21 February 2006, 03:02:56

Please give me some guidance?

We are attempting many deletes in our production database for the first time, and we're getting nowhere fast.

The SQL runs for more than 12 hours to delete 2 million rows, and hasn't finished each time we've tried it as we've had to cancel it.

I have tried running queries for locks, current activity, and buffer hits. I can see row locks on the affected tables for the delete PID, but no significant buffer hits or changes in row numbers while it is running. We have fsync set to default (true) with default 8 buffers. Postgres 7.4.2 is running on Debian on a 4 processor server with 4gb RAM. TOP shows cache increasing slowly, and postmaster using at least 1 CPU 100%. pg_clog files swap about every 4 hours. We Vacuum (no parms) and ANALYZE daily, but no VACUUM FULL for months. Delete is being performed on a parent table of 11 million rows, related to 5 child tables by foreign keys with ON DELETE CASCADE. We have followed previous advice in this forum and tweaked / increased the "famous" performance parameters in v7 such as effective_cache_size, vacuum_mem and buffer size with associated SHMMAX increase.

Where to next please?

Re: Delete performance

From

Tom Lane

Date:

21 February 2006, 11:01:27

adey <adey11@gmail.com> writes:
> We are attempting many deletes in our production database for the first
> time, and we're getting nowhere fast.
> The SQL runs for more than 12 hours to delete 2 million rows, and hasn't
> finished each time we've tried it as we've had to cancel it.

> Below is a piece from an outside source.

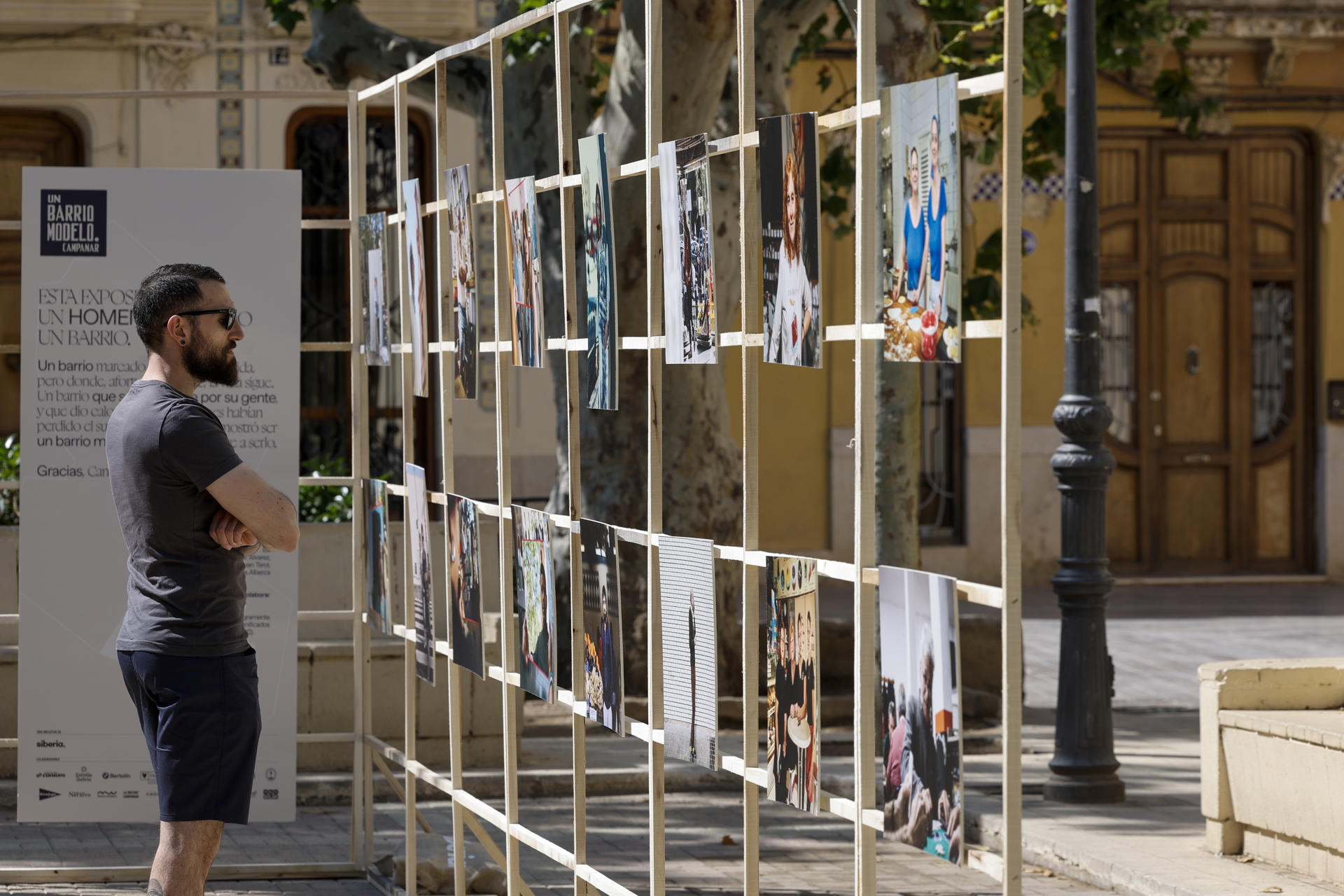 La exposición «Un barrio modelo» se ha inaugurado este jueves en la plaza de la Iglesia de Campanar, con la presencia de vecinos, algunos de los protagonistas de las fotografías, la presidenta de Ardic, Nancy Khawan; la concejala de Recursos Humanos y Técnicos del Ayuntamiento de València, Julia Climent; y el director de la agencia de publicidad Siberia, creadora de la iniciativa, Rafael Pomares.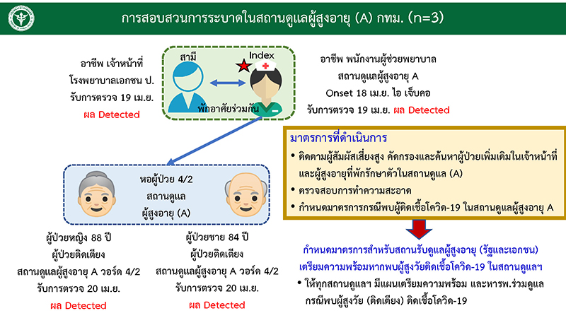 นพ.ทวีศิลป์ กล่าวว่า มีการรายงานการระบาดในสถานดูแลผู้สูงอายุ โดยขณะนี้พบผู้ติดเชื้อ 3 ราย มีจุดเริ่มต้นมาผู้ช่วยพยาบาล สถานดูแลผู้สูงอายุติดเชื้อมาจากสามี ทำให้ตอนปฏิบัติหน้าที่ในการอาบน้ำ เปลี่ยนผ้าอ้อม และให้อาหารทางสายยาง ซึ่งต้องมีความใกล้ชิดกับผู้ป่วย จึงพบการติดเชื้อแพร่กระจายไปจำนวนข้างต้น ทั้งนี้ทางสถานพยาบาลดังกล่าว ได้มีการติดตามผู้สัมผัสเสี่ยงสูง และค้นหาผู้ป่วยเพิ่มเติมแล้ว พร้อมทั้งมีการทำความสะอาด และจะมีการกำหนดมาตรการสำหรับสถานรับดูแลผู้สูงอายุ เตรียมความพร้อมหากพบผู้สูงวัยติดเชื้อโควิด ในสถานดูแลต่อไป ขณะเดียวกัน ทางศบค.ได้มีการปรึกษาหารือในประเด็นดังกล่าว และจะมีการกำหนดมาตรการสำหรับสถานรับดูแลผู้สูงอายุ สำหรับการพบผู้สูงวัยติดเชื้อโควิดให้ทั้งหน่วยงานของรัฐและเอกชนด้วย

The usual cause of slow deletes is that (a) the table is the target of
some foreign key references from other large tables, and (b) the
referencing columns in those tables aren't indexed, or (in older PG
versions such as 7.4) aren't exactly the same datatype as the master
column.  This forces the FK actions to use inefficient sequential-scan
plans.  Fix the index situation and then start a fresh session to ensure
you have fresh FK-action plans.

Please also think *hard* about running something more modern than 7.4.2.
That release series is at 7.4.12 --- you are missing nearly two years'
worth of critical bug fixes.

            regards, tom lane

Re: Delete performance

From

Arnau

Date:

22 February 2006, 05:09:53

Hi all,

> The usual cause of slow deletes is that (a) the table is the target of
> some foreign key references from other large tables, and (b) the
> referencing columns in those tables aren't indexed.

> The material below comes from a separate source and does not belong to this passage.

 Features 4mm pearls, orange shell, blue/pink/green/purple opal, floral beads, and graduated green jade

   This is a thing I don't understand, as far as I know the foreign keys
references to primary keys and postgresql creates itself and index over
the primary key, so those columns always should be indexed. Taking into
account Tom's observation I'm missing something, could you explain it to
all of us :)

Thanks
--
Arnau

Re: Delete performance

From

Tom Lane

Date:

22 February 2006, 10:31:42

Arnau <arnaulist@andromeiberica.com> writes:
>> The usual cause of slow deletes is that (a) the table is the target of
>> some foreign key references from other large tables, and (b) the
>> referencing columns in those tables aren't indexed.

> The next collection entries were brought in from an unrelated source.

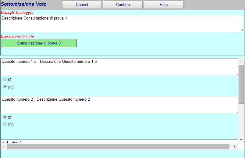 Ogni sezione di Voto può essere composta da uno o più quesiti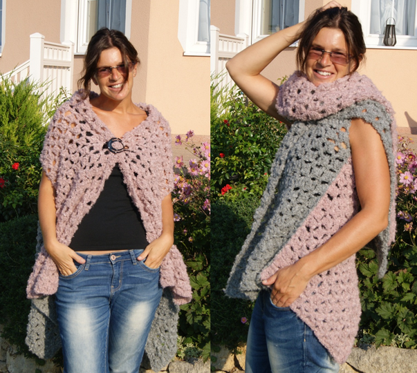 Diese Schal-Weste im Oversize-Look ist ein angenehmer Begleiter für das ganze Jahr. Ob als Weste locker zum drüberziehen oder als Schal verschieden gewickelt wärmt sie nicht nur, sondern peppt auch jedes Outfit auf.
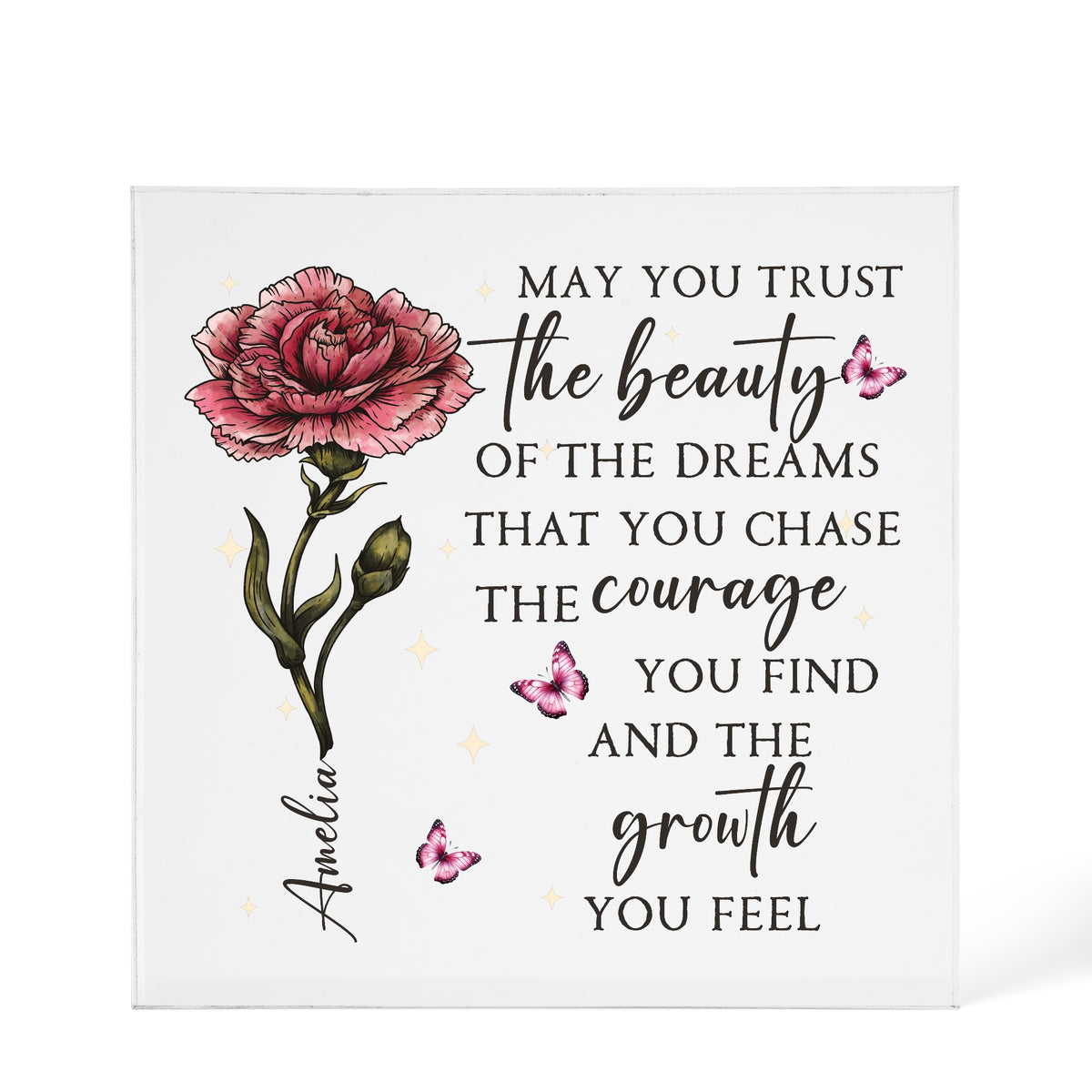 Featuring a beautiful floral illustration, delicate butterflies, and a powerful motivational quote, this plaque becomes even more meaningful with a custom name added for a personal touch.

>    This is a thing I don't understand, as far as I know the foreign keys
> references to primary keys and postgresql creates itself and index over
> the primary key, so those columns always should be indexed. Taking into
> account Tom's observation I'm missing something, could you explain it to
> all of us :)

The referencED column is forced to have an index.  The referencING
column is not.  The cases where you need an index on the latter are
precisely updates/deletes of the referencED column.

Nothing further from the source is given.